8-K 1 d24773d8k.htm GOLDMAN SACHS BDC, INC. Goldman Sachs BDC, Inc.

 

 

UNITED STATES

SECURITIES AND EXCHANGE COMMISSION

WASHINGTON, DC 20549

 

 

FORM 8-K

 

 

CURRENT REPORT

Pursuant to Section 13 or 15(d)

of the Securities Exchange Act of 1934

Date of report (Date of earliest event reported): October 12, 2020

 

 

GOLDMAN SACHS BDC, INC.

(Exact name of Registrant as Specified in Its Charter)

 

 

 

DELAWARE   814-00998   46-2176593

(State or Other Jurisdiction

of Incorporation)

 

(Commission

File Number)

 

(IRS Employer

Identification No.)

 

200 West Street, New York, New York   10282
(Address of Principal Executive Offices)   (Zip Code)

Registrant’s telephone number, including area code: (212) 902-0300

 

 

Securities registered pursuant to Section 12(b) of the Act:

 

Title of each class

 

Trading

Symbol(s)

 

Name of each exchange

on which registered

Common Stock, par value $0.001 per share   GSBD   The New York Stock Exchange

Check the appropriate box below if the Form 8-K filing is intended to simultaneously satisfy the filing obligation of the registrant under any of the following provisions (see General Instruction A.2. below):

 

Written communications pursuant to Rule 425 under the Securities Act (17 CFR 230.425)

 

Soliciting material pursuant to Rule 14a-12 under the Exchange Act (17 CFR 240.14a-12)

 

Pre-commencement communications pursuant to Rule 14d-2(b) under the Exchange Act (17 CFR 240.14d-2(b))

 

Pre-commencement communications pursuant to Rule 13e-4(c) under the Exchange Act (17 CFR 240.13e-4(c))

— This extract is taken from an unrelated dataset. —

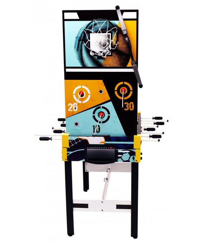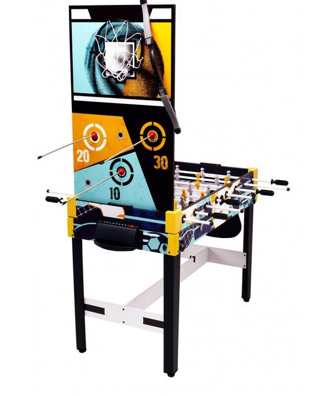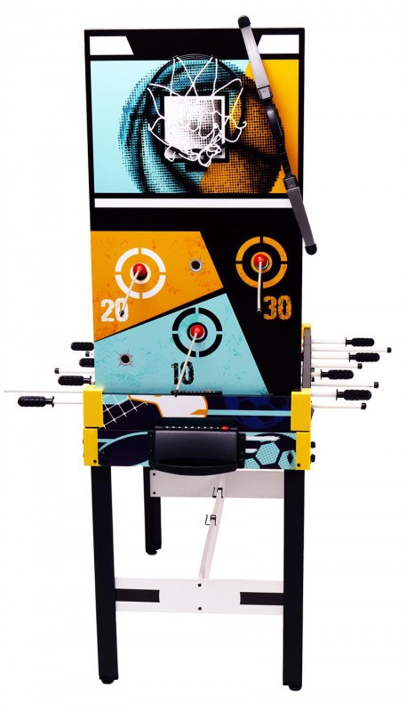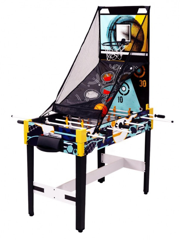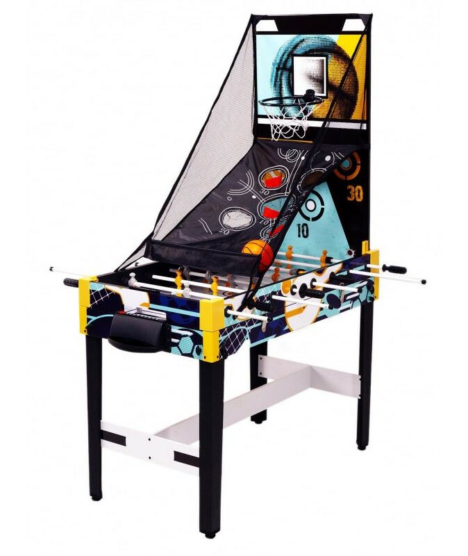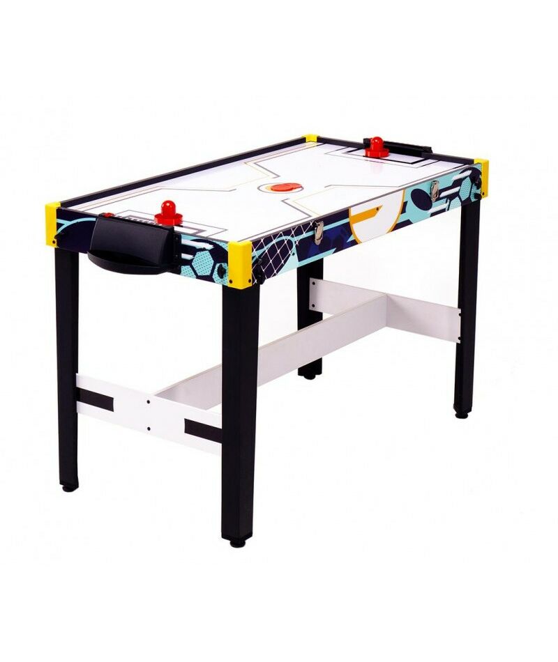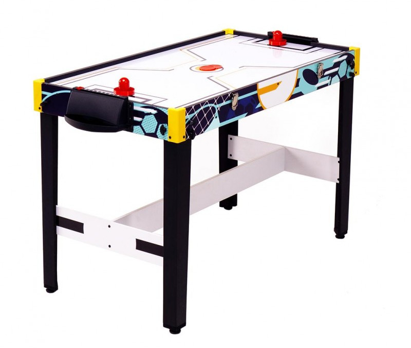 - Аэрофутбол: Сочетание настольного футбола и аэрохоккея для двойного веселья. В комплекте: шайба для аэрофутбола. В игре принимают участие 2 игрока по правилам настольного футбола с включенным полем для аэрохоккея, используя специальную игровую шайбу. Перед началом игры не забудьте приподнять корзину для мячей со сторны обоих игроков;

Indicate by check mark whether the registrant is an emerging growth company as defined in Rule 405 of the Securities Act of 1933 or Rule 12b- 2 of the Securities Exchange Act of 1934.

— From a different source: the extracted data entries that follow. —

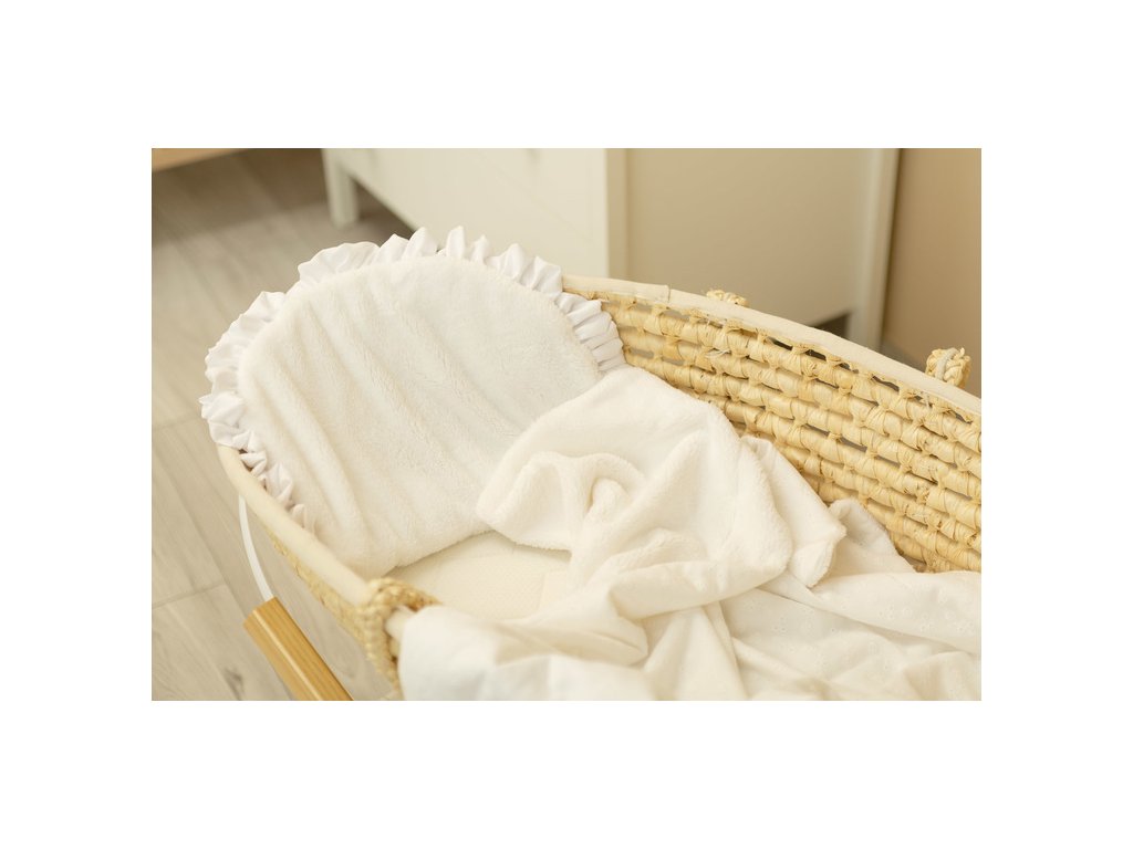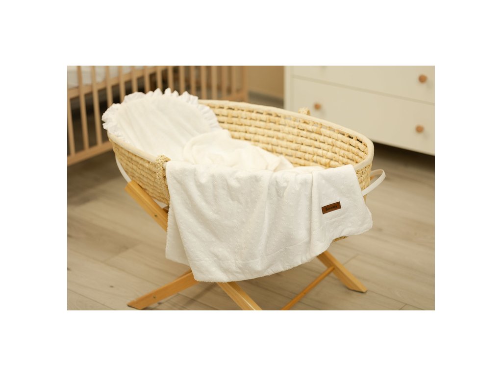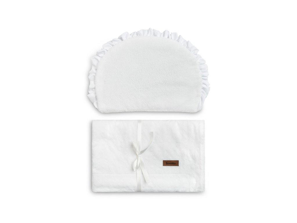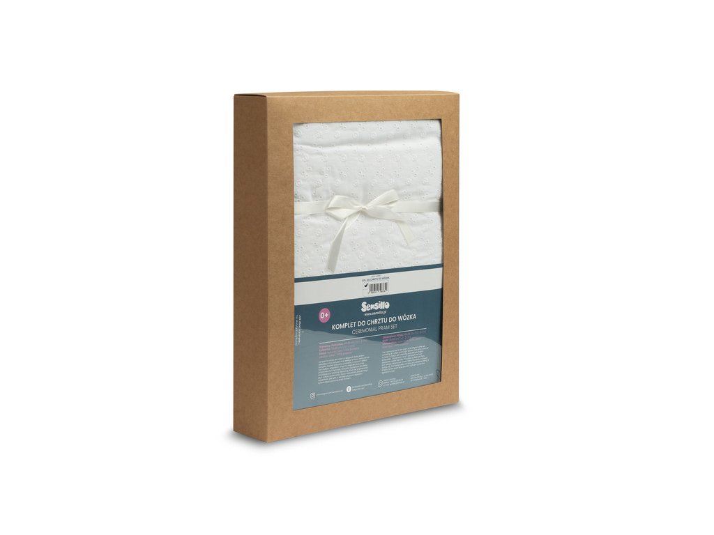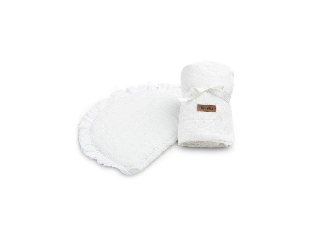 Sada ke křtu, 2D - deka, polštářek - bílá. Dodejte křtu vašeho děťátka eleganci s naším luxusním bílým kompletem do kočárku, který zahrnuje polštářek a lehkou přikrývku. Jedna strana sady je vyrobena z kvalitní bavlny s jemným anglickým vyšíváním, zatímco druhá strana je z měkkého plyše, který něžně zahřeje vaše miminko. Polštářek je naplněn lehkým, antialergenním silikonovým vláknem, které zůstává stabilní během používání. Přikrývka je bez další výplně, což ji činí lehkou, zatímco plyšová vrstva poskytuje dostatečnou ochranu před chladem. Rozměry: Polštářek: 40 x 29 cm (± 2 cm). Přikrývka: 78 x 98 cm (± 2 cm). Pokyny k údržbě: Ruční praní na maximální teplotu 30°C. Nebělit. Nečistit chemicky. Žehlit z vnější strany při maximální teplotě 110°C. Složení materiálu: Vnější vrstva: 100% bavlna Vnitřní vrstva: 100% polyester Tento elegantní křestní komplet do kočárku je perfektní volbou pro rodiče hledající stylovou a funkční výbavu pro své nejmenší. Zajistěte svému dítěti maximální pohodlí a bezpečnost s touto nádhernou sadou, která spojuje kvalitu a estetiku.Doplňkové parametry
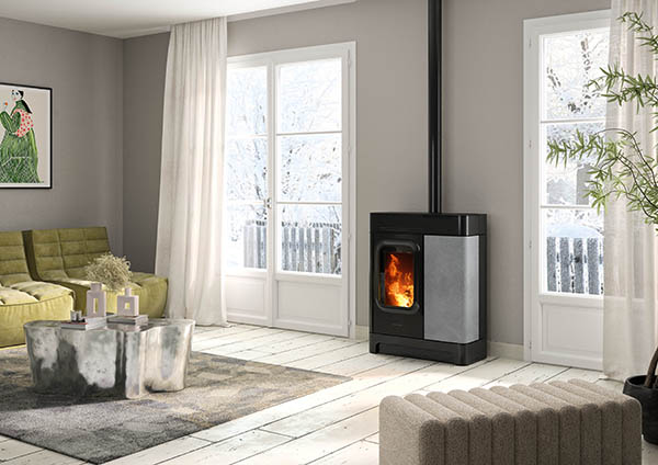 Nettoyage automatique du brasero en fonte, étanches à 50 Pa, compatibles zone 1/2/3, pilotage à distance, entre 2/6 et 2/8 KW de puissance, rendement 92/87%, versions acier ou pierre ollaire, 19/24 Kg pour le réservoir.
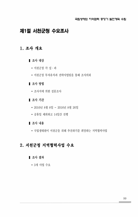 국립생태원 지역협력 중장기 발전계획 수립 99 제1절 서천군청 수요조사 1. 조사 개요 ? 조사 대상 ? 서천군청 각 실·과 ? 서천군청 투자유치과 전략사업팀을 통해 조사의뢰 ? 조사 방법 ? 조사지에 의한 설문조사 ? 조사 기간 ? 2016년 8월 8일 2016년 8월 26일 ? 공휴일 제외하고 14일간 진행 ? 조사 내용 ? 국립생태원이 서천군을 위해 추진하기를 희망하는 지역협력사업 2. 서천군청 지역협력사업 수요 ? 조사 결과 ? 3개 사업수요

Emerging growth company  ☐

If an emerging growth company, indicate by check mark if the registrant has elected not to use the extended transition period for complying with any new or revised financial accounting standards provided pursuant to Section 13(a) of the Exchange Act.  ☐

 

 

 


Item 2.01

Completion of Acquisition or Disposition of Assets.

On October 12, 2020, Goldman Sachs BDC, Inc. (“GSBD”) completed its previously announced merger with Goldman Sachs Middle Market Lending Corp. (“MMLC”) pursuant to that certain Amended and Restated Agreement and Plan of Merger (the “Merger Agreement”), dated as of June 11, 2020, by and among GSBD, MMLC, Evergreen Merger Sub Inc., a wholly owned subsidiary of GSBD (“Merger Sub”), and Goldman Sachs Asset Management, L.P. (“GSAM”), investment adviser to each of GSBD and MMLC. Pursuant to the Merger Agreement, Merger Sub was first merged with and into MMLC, with MMLC as the surviving corporation (the “First Merger”), and, immediately following the First Merger, MMLC was then merged with and into GSBD, with GSBD as the surviving company (the First Merger and the subsequent merger, collectively, the “Merger”).

In accordance with the terms of the Merger Agreement, at the effective time of the Merger, each outstanding share of common stock, par value $0.001 per share, of MMLC (“MMLC Common Stock”) was converted into the right to receive, for each share of MMLC Common Stock, that number of shares of common stock, par value $0.001 per share, of GSBD (“GSBD Common Stock”), with a net asset value (“NAV”) equal to the NAV per share of MMLC Common Stock, in each case calculated as of October 9, 2020. As a result of the Merger, GSBD issued an aggregate of approximately 61,038,632 shares of GSBD Common Stock to former MMLC stockholders.

The foregoing description of the Merger Agreement is a summary only and is qualified in its entirety by reference to the full text of the Merger Agreement, a copy of which was filed by GSBD as Exhibit 2.1 to its Current Report on Form 8-K filed on June 11, 2020, which is incorporated herein by reference.

 

Item 3.03.

Material Modification to Rights of Security Holders.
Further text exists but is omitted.